Look at the guys who never held certain grades not even by paper.  I know of a guy who was promoted from 3rd dan to 8th dan then tested for a 4th dan with his own instructor one year later.  My old instructor did that.  Then 2 years later was promoted to 10th dan without ever holding a 9th dan. I know this was one of the issues between my old instructor and I.


----------



## terryl965 (Jan 23, 2007)

I believe rank only means two thing to the serious Martial Artist and that is one it really means nothing at all for you do not need it to be a true MA and two any true MA'ist only cares about it as an after thought.

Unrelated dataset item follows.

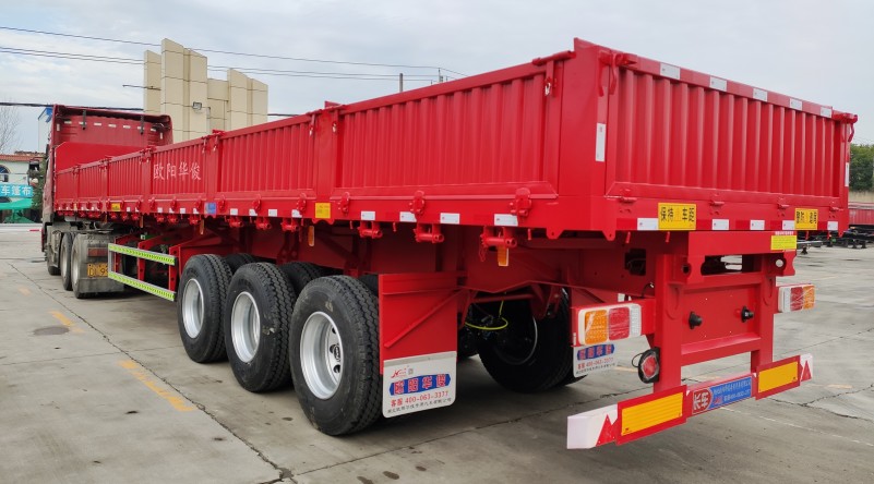 側翻自卸大概配置如下:外觀尺寸13米長×2.55米寬×2.9米離地高,墻板60公分高。當然尺寸也可按照客戶需求定制,可左右側翻,上下可打開。采取多種打開裝卸方式,將側翻自卸的優勢得到淋淋盡致的發揮。

I rarely care who holds what rank but rather who holds the true knowledge of there respected system.


----------



## Brad Dunne (Jan 23, 2007)

Nope, just trying to slow down the blatant rank inflation.

I don't think it could or would do any good. I often use this story to illustrate just how bad rank and obtaining it can be. At the time this took place, I was a 3rd Dan KKW and senior instructor at a school owned by a Korean Master. A new blue belt, who also was a young Korean, early to mid twenties, came into the dojang and I was told to show him all the hyungs up to and including 3rd Dan. About a month and a half went by, everyday training, 2 sessions and he didn't show up any longer. Didn't really think a whole lot about it until 6 months later at a tournament. This blue belt was now being introduced at the Masters table as a 4th Dan and every Master at the table was Korean and they all smiled and applauded and acknowledged his rank. All this was done with the blessings of the home office, I assume, for he was now running an affiliate school under my Masters banner and there were Kukkiwon certs on his wall. This is when I lost all respect for ranks and those that hide behind so-called legit organizations and bypass procedures, for the sake of taking care of one of their own, just to MAKE MONEY. There are so many weak and phoney instructors and masters and grand masters out there that it just makes the arts look sick. I know, a rant, but I thought it fit the subject.


----------



## James Kovacich (Jan 23, 2007)

Brandon Fisher said:


> Actually I am the headmaster of my system since I founded the school of thought. However I truly believe one can not recreate the arts, only found schools of thought. Under my first instructor is when it was originally founded only under another name. He was a 10th dan and was the advisor and supervisoer to its creation. A year ago he and I went separate ways for reasons I still don't know.
> 
> Now I have 2 main advisors for my system, both are 8th dan's with 40+ years in the martial arts.
> 
> ...


TIG is time in grade and I said 10th dan was nearly impossible because 57 years time in grade is nearly impossible. 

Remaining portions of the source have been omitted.